Such findings provide helpful context for why incoming Republican senators like Thom Tillis (N.C.), Cory Gardner (Colo.) and Joni Ernst (Iowa) attempted to moderate their positions on reproductive rights issues and distance themselves from their records in order to appeal to voters. Gardner renounced his prior support for a state-based "personhood" amendment that experts say would ban abortion and some commonly used forms of contraception, and he and Tillis both came out in support of making birth control available over the counter. Though Ernst confirmed she still supports the federal personhood bill that Gardner co-sponsored in the House of Representatives, she also insisted that the bill is just a statement that she supports life, rather than legislation that would have actual consequences.

The groups that sponsored the poll say it justifies their work, even though only one of the Democratic candidates in the four states polled -- Sen. Jeanne Shaheen (D-N.H.) -- was victorious last week. Udall's campaign, in particular, has been criticized and even mocked for running ads spotlighting Gardner's shift on personhood.

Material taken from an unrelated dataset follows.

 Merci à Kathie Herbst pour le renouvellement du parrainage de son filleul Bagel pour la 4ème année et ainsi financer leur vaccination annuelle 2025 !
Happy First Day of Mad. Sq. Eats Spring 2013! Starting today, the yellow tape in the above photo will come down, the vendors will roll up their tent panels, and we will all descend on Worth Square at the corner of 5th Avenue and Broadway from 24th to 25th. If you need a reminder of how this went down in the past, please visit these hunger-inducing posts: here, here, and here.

"This data confirms what candidates know and what we have been seeing for many months on the campaign trail --- that running on an anti-choice platform is a loser," Ilyse Hogue, president of NARAL Pro-Choice America, said in a statement accompanying the poll's release. "The facts are clear, and indisputable, the majority of Americans favor women having the right to make their own health care decisions. What we saw this year was many anti-choice Republicans realizing this and running away from -- and in many cases, flat out lying about -- their own record when it came to both choice and access to birth control. Voters are not stupid."

The poll found that running on how they would protect abortion access was the only issue where Democratic candidates were able to "peel off support" from Republican women, who favored the Democratic candidate by 25 points on this issue. (Republican women voters sided with the Republican by at least 29 points on every other issue tested). Planned Parenthood Action Fund President Cecile Richards called this finding "a huge shift" from past cycles.

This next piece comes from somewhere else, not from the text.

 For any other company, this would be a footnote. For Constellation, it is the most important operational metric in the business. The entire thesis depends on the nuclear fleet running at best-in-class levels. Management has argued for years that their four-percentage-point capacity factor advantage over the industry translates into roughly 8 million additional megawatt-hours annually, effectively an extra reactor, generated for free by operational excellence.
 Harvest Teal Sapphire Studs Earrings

“Politicians like Cory Gardner, Thom Tillis and Joni Ernst won by moderating their positions on access to birth control and abortion," Richards argued in the statement. "This data clearly shows that voters didn’t elect them to restrict women’s access to health care, and voters will hold them accountable to what they promised.”

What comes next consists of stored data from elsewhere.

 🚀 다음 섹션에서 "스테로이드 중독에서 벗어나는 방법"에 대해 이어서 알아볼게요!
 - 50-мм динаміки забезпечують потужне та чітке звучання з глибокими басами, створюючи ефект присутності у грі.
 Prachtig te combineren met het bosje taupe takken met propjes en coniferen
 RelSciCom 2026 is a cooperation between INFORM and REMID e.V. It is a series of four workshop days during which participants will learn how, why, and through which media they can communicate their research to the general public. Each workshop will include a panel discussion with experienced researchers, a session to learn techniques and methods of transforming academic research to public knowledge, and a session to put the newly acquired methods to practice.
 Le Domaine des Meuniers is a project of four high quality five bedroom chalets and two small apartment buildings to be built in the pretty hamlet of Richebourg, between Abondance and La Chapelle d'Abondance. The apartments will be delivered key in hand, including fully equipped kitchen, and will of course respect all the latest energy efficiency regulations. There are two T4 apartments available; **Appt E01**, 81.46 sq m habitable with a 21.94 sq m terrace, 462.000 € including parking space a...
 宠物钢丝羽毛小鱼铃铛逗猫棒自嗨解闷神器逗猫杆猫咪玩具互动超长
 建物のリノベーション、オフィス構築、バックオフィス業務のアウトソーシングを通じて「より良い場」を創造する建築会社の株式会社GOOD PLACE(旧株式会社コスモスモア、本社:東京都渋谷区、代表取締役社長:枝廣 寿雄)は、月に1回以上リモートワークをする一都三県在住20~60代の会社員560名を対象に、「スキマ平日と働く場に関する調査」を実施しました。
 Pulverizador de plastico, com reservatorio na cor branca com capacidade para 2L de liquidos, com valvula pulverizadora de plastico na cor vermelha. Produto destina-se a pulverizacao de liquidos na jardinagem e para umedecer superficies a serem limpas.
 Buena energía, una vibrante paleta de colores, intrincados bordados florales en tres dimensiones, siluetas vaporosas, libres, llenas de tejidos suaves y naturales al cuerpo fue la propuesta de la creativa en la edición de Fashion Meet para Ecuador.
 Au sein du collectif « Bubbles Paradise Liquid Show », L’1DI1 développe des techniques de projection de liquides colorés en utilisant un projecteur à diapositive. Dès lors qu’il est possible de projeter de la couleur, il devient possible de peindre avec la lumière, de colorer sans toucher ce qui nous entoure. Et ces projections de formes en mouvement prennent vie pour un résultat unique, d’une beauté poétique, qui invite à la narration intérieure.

The GOP leadership has yet to mention that it will take on Tillis and Gardner's newfound support for over-the-counter birth control access, so it remains to be seen whether their position on expanding contraceptive access was a political ploy or a genuine policy proposal.

Gillibrand said she hopes that when Republicans in the new Congress focus on the economy, they will include reproductive rights, equal pay, minimum wage and other family issues as part of the debate.

"I hope my Republicans friends will agree that just because these issues affect women more acutely, they're not just women's issues," she said. "They are critical middle class economic issues that if solved, could immediately strengthen our economy."